Exercise description:
Using the data below, restate exactly every line from the one with "4、社会保险费申报 功能路径: 企业/纯社保户登录->我要办税->税费申报及" up to and including the one with "12月1日,Strategy". No picture belongs in it.

Data records:
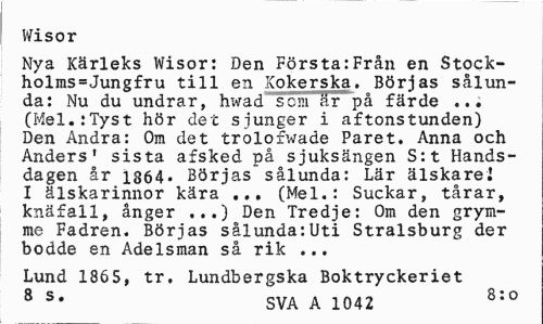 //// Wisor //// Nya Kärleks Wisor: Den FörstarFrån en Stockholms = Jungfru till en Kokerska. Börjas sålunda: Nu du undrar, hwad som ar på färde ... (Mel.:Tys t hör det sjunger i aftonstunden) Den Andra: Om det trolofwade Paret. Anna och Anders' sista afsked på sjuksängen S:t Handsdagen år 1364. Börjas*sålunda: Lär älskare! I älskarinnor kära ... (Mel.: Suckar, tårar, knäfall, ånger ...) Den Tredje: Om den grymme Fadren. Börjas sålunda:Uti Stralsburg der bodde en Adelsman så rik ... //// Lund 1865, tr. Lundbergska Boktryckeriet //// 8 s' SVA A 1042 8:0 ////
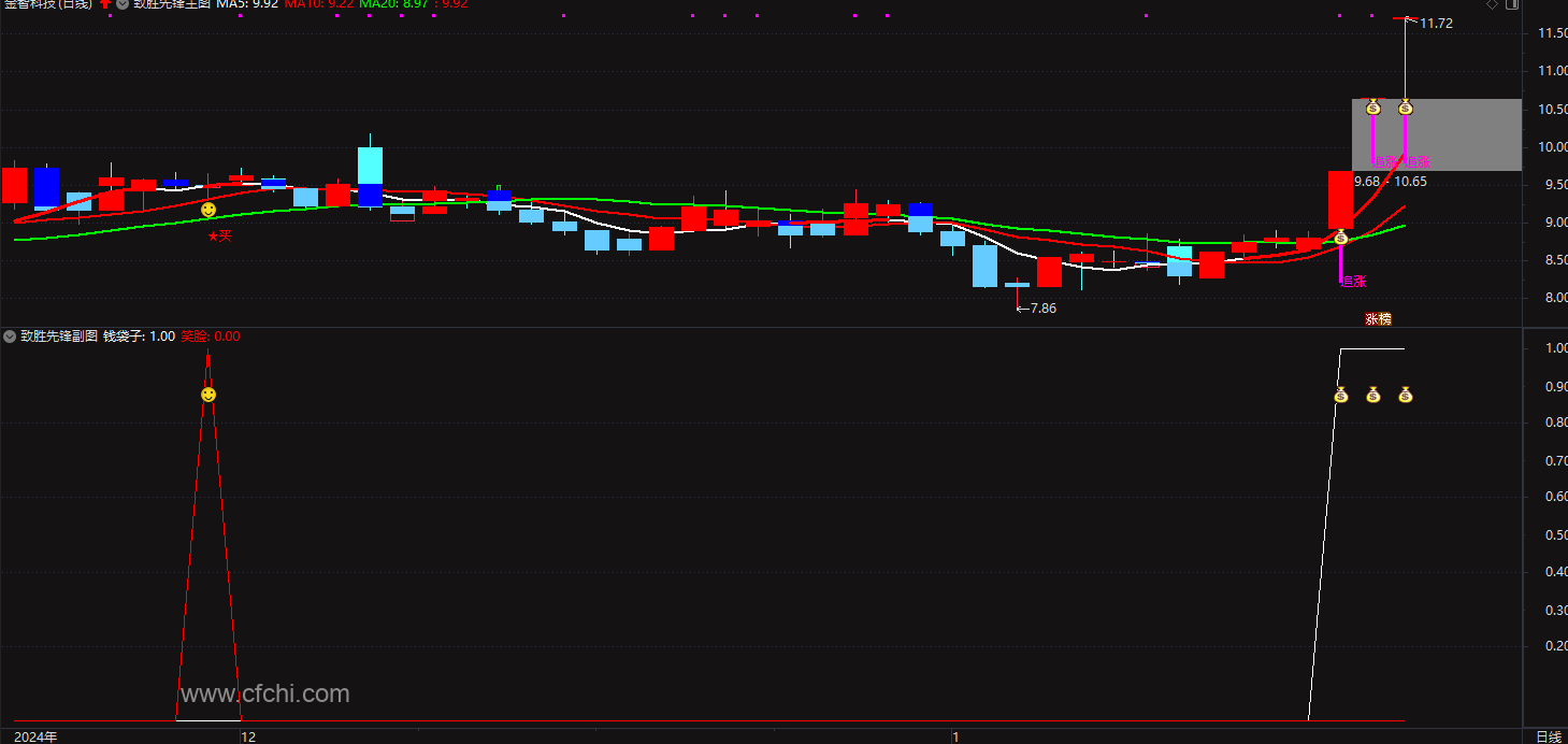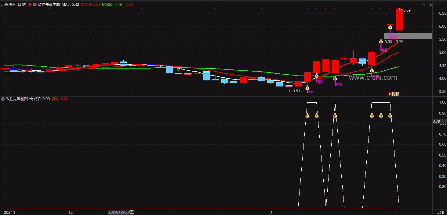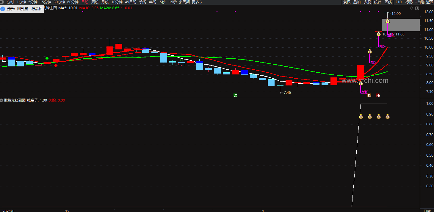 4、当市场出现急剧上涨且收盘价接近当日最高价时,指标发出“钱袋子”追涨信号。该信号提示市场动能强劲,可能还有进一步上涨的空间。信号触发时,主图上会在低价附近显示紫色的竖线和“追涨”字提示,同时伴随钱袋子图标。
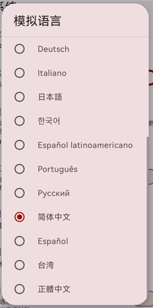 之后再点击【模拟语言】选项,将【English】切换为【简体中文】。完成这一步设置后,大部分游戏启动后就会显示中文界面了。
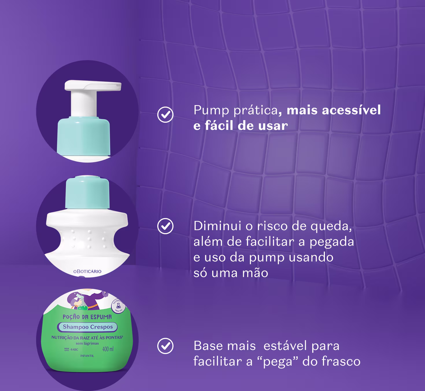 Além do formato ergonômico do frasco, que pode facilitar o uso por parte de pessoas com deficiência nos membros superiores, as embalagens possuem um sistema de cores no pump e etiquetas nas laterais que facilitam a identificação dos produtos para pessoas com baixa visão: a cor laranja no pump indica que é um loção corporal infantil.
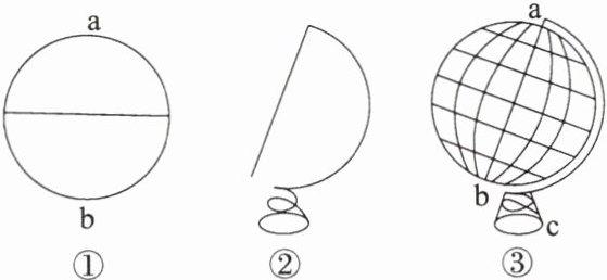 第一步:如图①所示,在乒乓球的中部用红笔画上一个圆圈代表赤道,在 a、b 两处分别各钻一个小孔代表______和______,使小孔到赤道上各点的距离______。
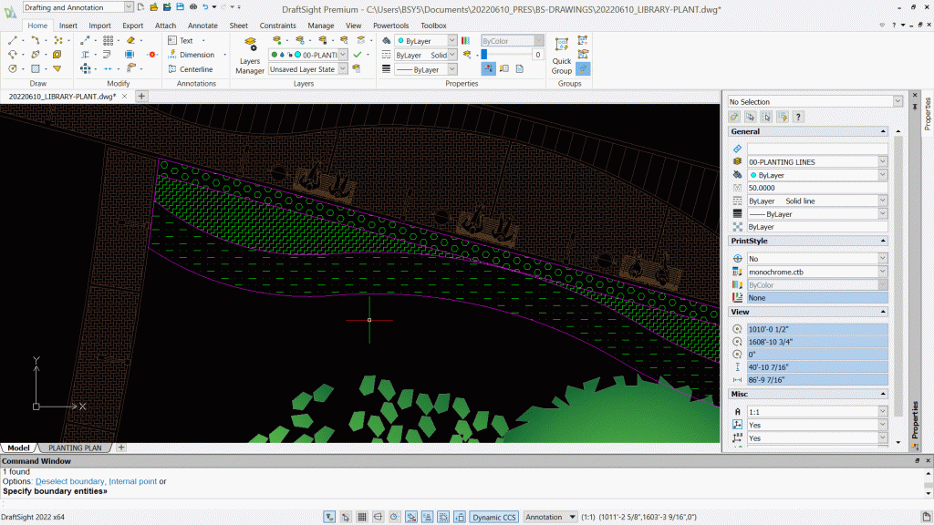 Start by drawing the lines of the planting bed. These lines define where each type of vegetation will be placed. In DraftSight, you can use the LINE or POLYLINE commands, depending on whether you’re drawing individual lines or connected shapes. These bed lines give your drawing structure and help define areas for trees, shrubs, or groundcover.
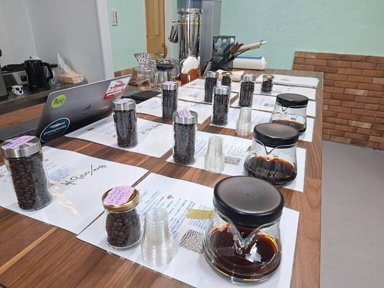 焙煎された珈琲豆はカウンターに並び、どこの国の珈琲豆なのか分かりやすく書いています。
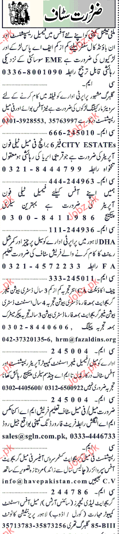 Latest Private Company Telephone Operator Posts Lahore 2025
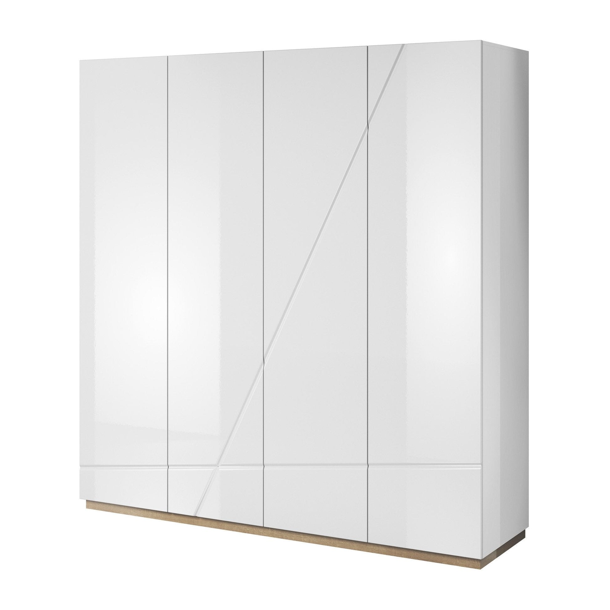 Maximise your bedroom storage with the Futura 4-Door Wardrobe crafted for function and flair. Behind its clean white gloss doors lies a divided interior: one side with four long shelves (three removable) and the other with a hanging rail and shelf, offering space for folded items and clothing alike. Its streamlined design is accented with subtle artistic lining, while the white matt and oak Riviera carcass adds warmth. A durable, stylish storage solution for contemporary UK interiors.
* * *
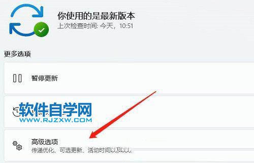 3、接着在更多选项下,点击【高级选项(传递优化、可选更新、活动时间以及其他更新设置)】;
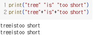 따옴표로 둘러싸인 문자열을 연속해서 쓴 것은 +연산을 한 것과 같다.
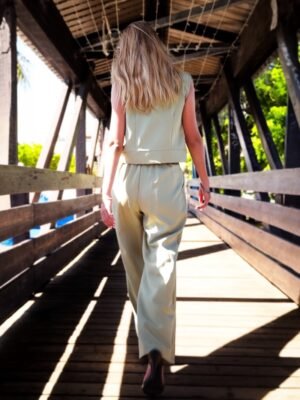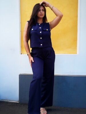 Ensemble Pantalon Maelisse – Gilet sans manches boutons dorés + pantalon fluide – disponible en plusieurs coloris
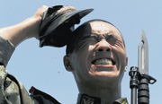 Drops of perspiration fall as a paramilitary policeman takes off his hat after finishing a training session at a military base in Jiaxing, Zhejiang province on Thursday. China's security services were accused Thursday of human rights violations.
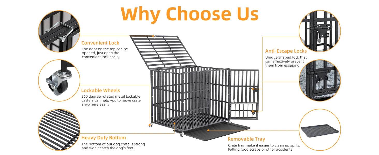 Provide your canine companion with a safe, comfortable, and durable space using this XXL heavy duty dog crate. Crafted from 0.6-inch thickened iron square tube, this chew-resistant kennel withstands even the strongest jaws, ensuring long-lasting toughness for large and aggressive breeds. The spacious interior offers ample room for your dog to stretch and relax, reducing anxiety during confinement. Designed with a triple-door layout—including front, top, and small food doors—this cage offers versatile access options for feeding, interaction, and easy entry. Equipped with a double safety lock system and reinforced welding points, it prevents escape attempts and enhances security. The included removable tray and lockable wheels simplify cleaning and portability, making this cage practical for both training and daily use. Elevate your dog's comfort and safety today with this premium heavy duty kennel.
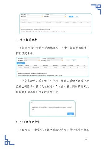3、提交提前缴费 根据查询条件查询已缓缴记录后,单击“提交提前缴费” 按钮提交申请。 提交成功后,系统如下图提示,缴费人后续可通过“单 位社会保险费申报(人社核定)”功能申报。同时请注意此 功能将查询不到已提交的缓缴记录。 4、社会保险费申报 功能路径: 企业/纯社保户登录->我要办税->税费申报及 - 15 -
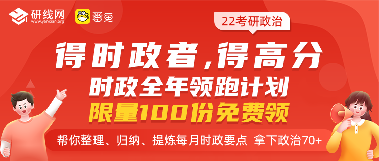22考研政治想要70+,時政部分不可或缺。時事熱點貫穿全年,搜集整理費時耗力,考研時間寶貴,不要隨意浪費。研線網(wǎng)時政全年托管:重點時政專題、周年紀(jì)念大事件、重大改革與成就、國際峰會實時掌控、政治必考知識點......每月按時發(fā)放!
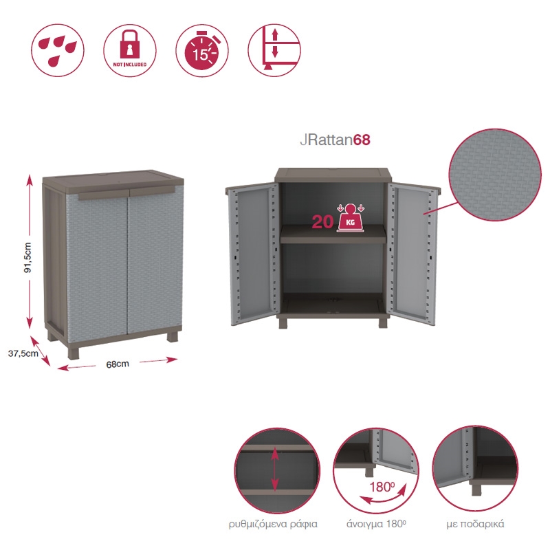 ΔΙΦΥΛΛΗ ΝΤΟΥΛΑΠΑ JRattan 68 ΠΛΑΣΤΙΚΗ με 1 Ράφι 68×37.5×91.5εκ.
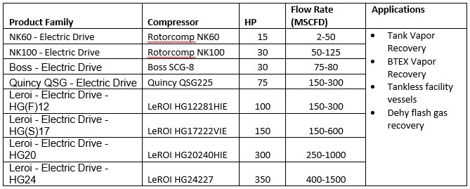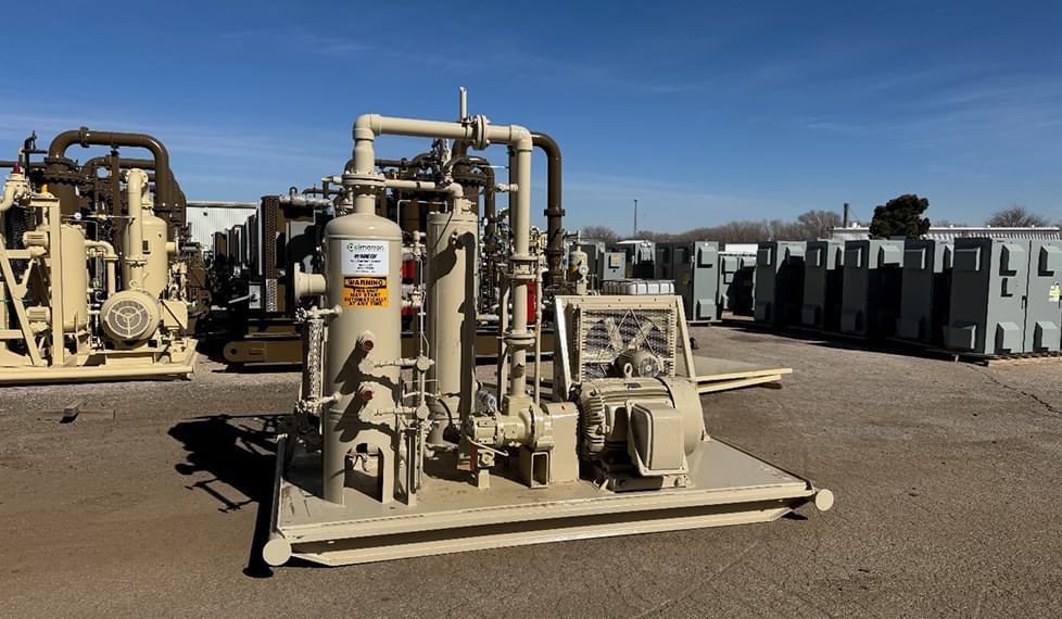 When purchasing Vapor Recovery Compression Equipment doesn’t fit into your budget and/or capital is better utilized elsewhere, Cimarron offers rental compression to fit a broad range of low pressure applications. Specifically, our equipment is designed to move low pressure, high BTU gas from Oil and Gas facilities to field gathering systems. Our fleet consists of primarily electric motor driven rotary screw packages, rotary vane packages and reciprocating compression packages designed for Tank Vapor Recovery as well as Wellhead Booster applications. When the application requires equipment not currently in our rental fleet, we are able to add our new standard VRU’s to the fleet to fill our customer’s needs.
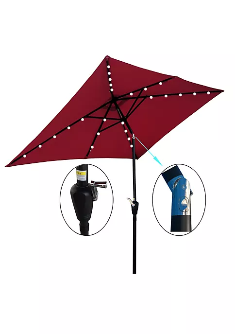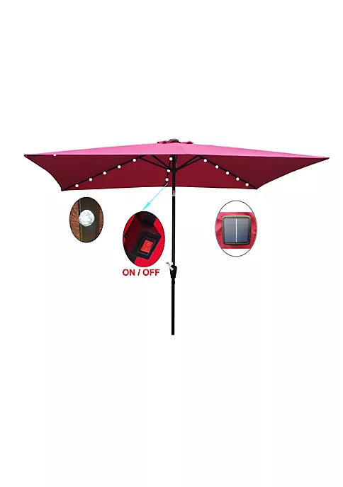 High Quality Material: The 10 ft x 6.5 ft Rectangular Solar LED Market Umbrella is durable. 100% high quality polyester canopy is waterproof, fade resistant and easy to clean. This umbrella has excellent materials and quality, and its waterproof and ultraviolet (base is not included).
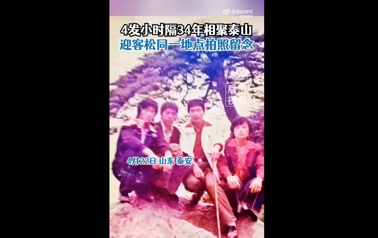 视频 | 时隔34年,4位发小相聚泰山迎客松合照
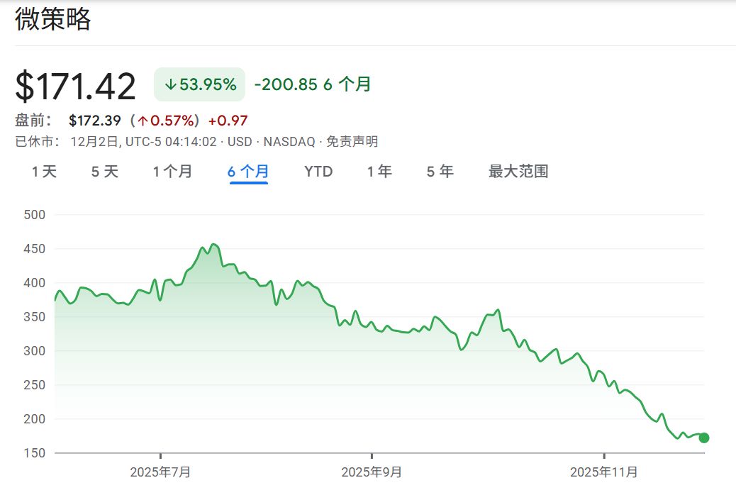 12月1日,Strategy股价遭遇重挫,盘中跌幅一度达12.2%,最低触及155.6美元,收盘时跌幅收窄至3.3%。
--
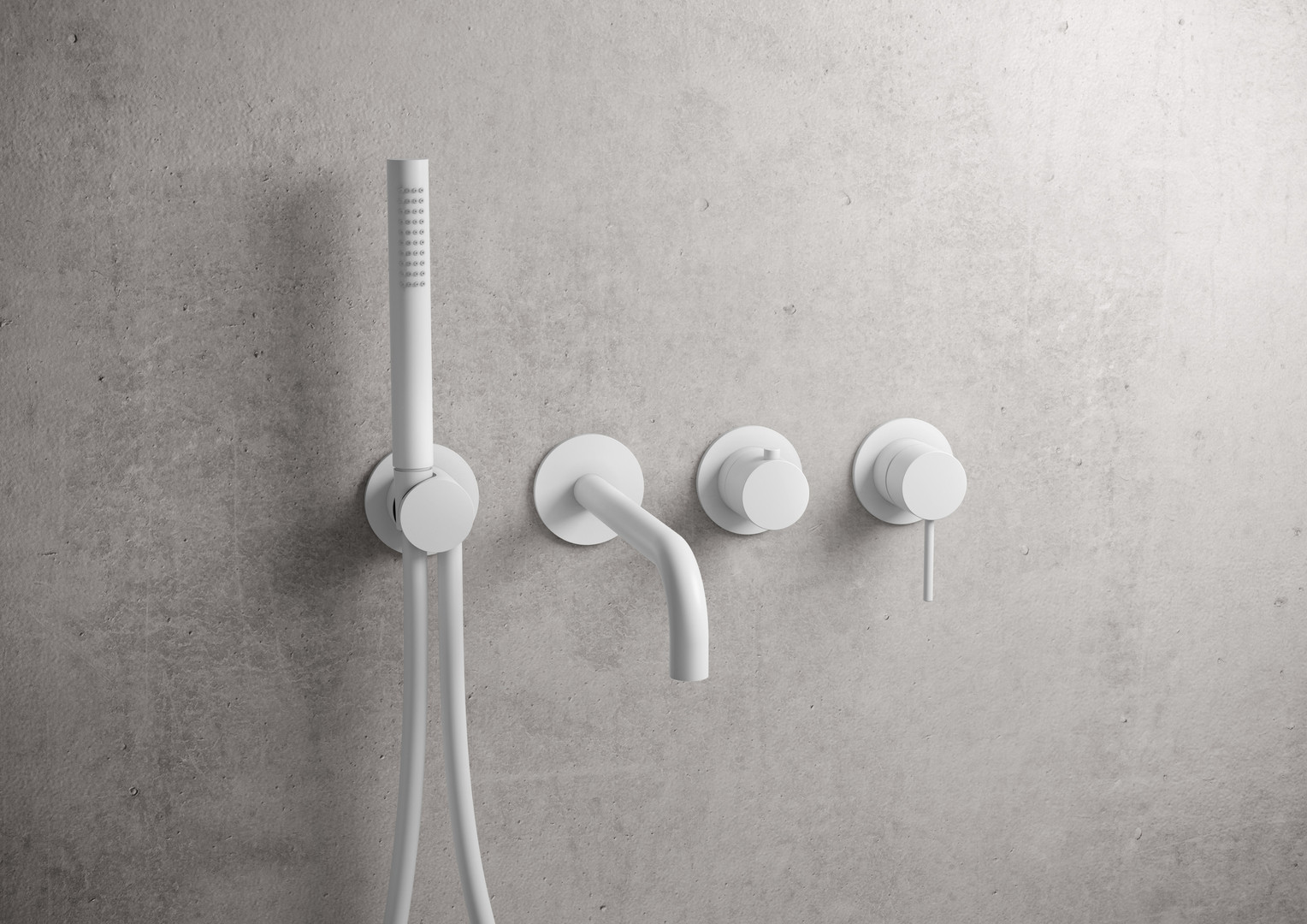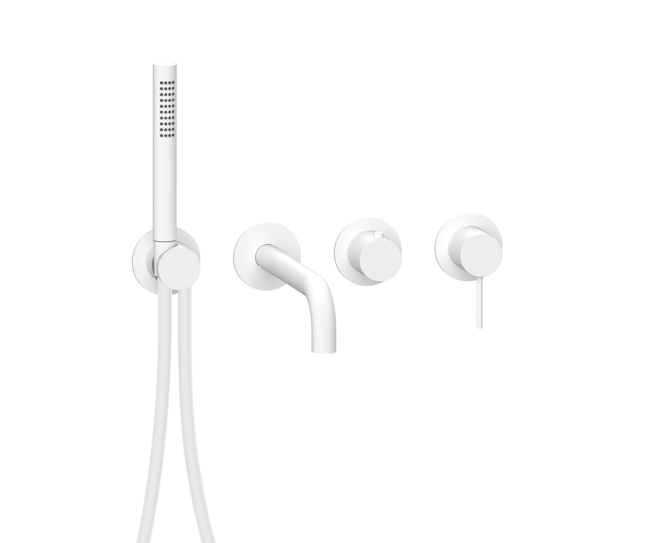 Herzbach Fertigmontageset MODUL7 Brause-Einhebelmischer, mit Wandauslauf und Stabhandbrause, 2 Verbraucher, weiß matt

Completed task:
3、提交提前缴费 根据查询条件查询已缓缴记录后,单击“提交提前缴费” 按钮提交申请。 提交成功后,系统如下图提示,缴费人后续可通过“单 位社会保险费申报(人社核定)”功能申报。同时请注意此 功能将查询不到已提交的缓缴记录。 4、社会保险费申报 功能路径: 企业/纯社保户登录->我要办税->税费申报及 - 15 -
22考研政治想要70+,時政部分不可或缺。時事熱點貫穿全年,搜集整理費時耗力,考研時間寶貴,不要隨意浪費。研線網(wǎng)時政全年托管:重點時政專題、周年紀(jì)念大事件、重大改革與成就、國際峰會實時掌控、政治必考知識點......每月按時發(fā)放!
 ΔΙΦΥΛΛΗ ΝΤΟΥΛΑΠΑ JRattan 68 ΠΛΑΣΤΙΚΗ με 1 Ράφι 68×37.5×91.5εκ.
 When purchasing Vapor Recovery Compression Equipment doesn’t fit into your budget and/or capital is better utilized elsewhere, Cimarron offers rental compression to fit a broad range of low pressure applications. Specifically, our equipment is designed to move low pressure, high BTU gas from Oil and Gas facilities to field gathering systems. Our fleet consists of primarily electric motor driven rotary screw packages, rotary vane packages and reciprocating compression packages designed for Tank Vapor Recovery as well as Wellhead Booster applications. When the application requires equipment not currently in our rental fleet, we are able to add our new standard VRU’s to the fleet to fill our customer’s needs.
 High Quality Material: The 10 ft x 6.5 ft Rectangular Solar LED Market Umbrella is durable. 100% high quality polyester canopy is waterproof, fade resistant and easy to clean. This umbrella has excellent materials and quality, and its waterproof and ultraviolet (base is not included).
 视频 | 时隔34年,4位发小相聚泰山迎客松合照
 12月1日,Strategy股价遭遇重挫,盘中跌幅一度达12.2%,最低触及155.6美元,收盘时跌幅收窄至3.3%。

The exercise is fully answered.